Established in 1995, Great Big Events is an international Sport Presentation and Event Management company with offices in Australia, United Kingdom, North America and the Middle East.

The company predominantly works with international sporting events as well as cultural, public and government events.

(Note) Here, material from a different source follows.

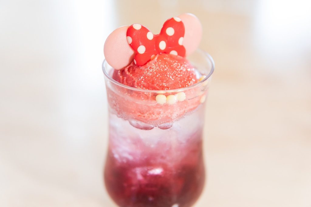 こちらはチョコレートで出来たミニーマウスのリボンが可愛いミックスベリーソーダフロート♪ボリュームもあって大満足です。よく見ると苺のシャーベット部分には銀箔がキラキラ…。

Amongst its many notable sporting achievements, the company has produced the Sydney 2000, Beijing 2008, London 2012 and Tokyo 2020 Olympic and Paralympic Games, alongside five Commonwealth Games and over 50 World Cups and 40 World Championships across various sports.

The company has in-house services including Sport Presentation, Vision and Content Creation, App Development, Technical Management, Music Production and Ceremonies.

GBE have partnered with a number of International Federations on consultation projects to create Sport Presentation guidelines and templates.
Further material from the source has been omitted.